Homeboys, Incorporated
In 1988, Jesuit priest Greg Boyle, pastor of the Dolores Mission Parish on the eastside of Los Angeles, was tired of burying teenage men killed before their time. The parish sits in an "East Los" neighborhood full of public housing projects--the largest concentration of poor people in the U.S. west of the Mississippi River. At the time as many as eight different gangs staked out turf in the neighborhood, and fighting over illegal drug sales meant that rarely a week went by without someone being killed--usually a young man under the age of 25.
The city's response was Operation Hammer, which sent squads of police armed like soldiers into the neighborhood. Everywhere people talked about "the gang problem," and what a menace Latino teenagers are. But at all those funerals, Fr. Boyle saw that these gang-bangers were not some abstract problem to be solved, but human beings to be challenged and loved.

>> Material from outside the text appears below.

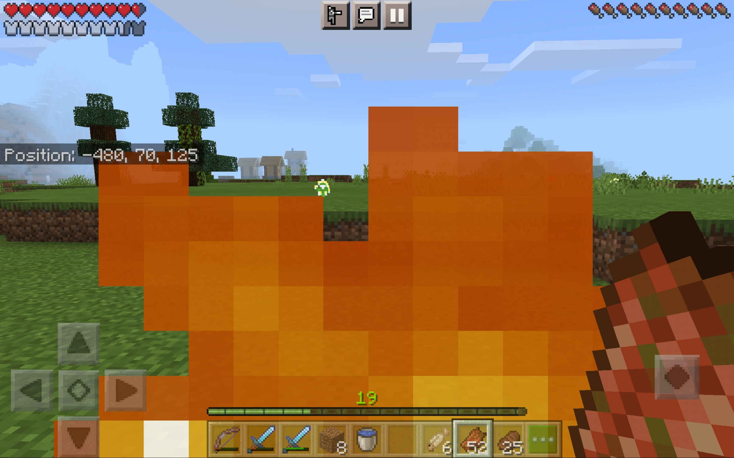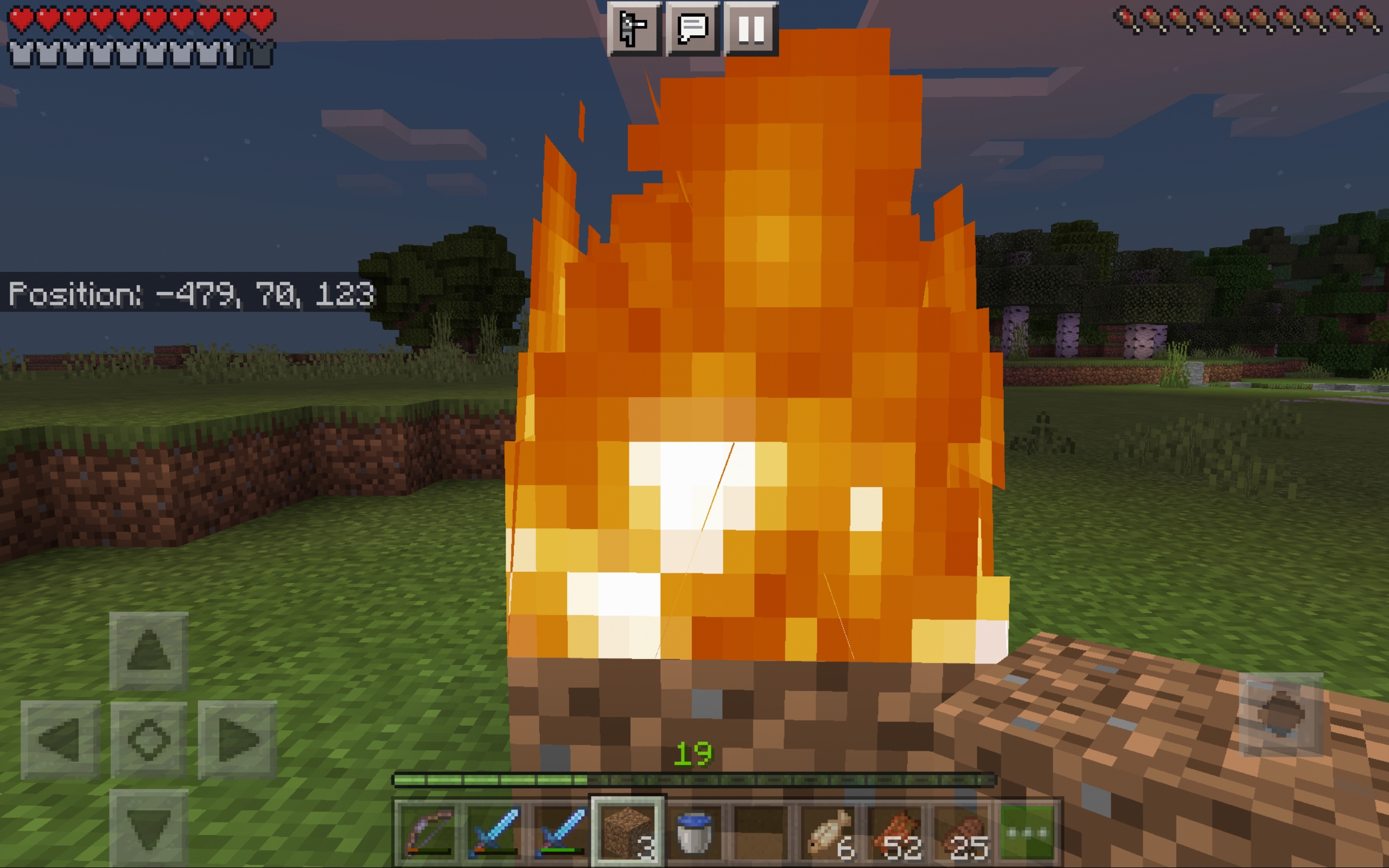 Invisible Fire. Remove a block that is on fire. Fire disappears, block goes into inventory. Walk forward and catch on fire. Place block down and fire appears on top of block.

As he thought about why these young men join gangs, he began to realize that it was partly because no other organization--not even his parish-- offered as strong a sense of belonging to these young men systematically being left out of the American dream because of their ethnicity and economic status. He began to realize that most of these guys believed that at best they would end up in prison, and at worst, end up dead. Selling drugs was the only viable employment opportunity offered to them, and these were the consequences.
It was then that Fr. Boyle and some parishioners began the Proyecto Pastoral (Pastoral Project) to help the young men of East Los save themselves and create a better future. "Nothing stops a bullet like a job," became one of the Proyecto's slogans. Finding jobs for the "homeboys" was proving so difficult that the group decided to create jobs for them, and Homeboy Industries was born. This past year, HI spun off the Proyecto Pastoral and is now its own nonprofit organization. Homeboy's first industry was a silk-screening business, making t-shirts and hats. Then a bakery was born. Most recently, a graffiti removal service was created to apply for city contracts.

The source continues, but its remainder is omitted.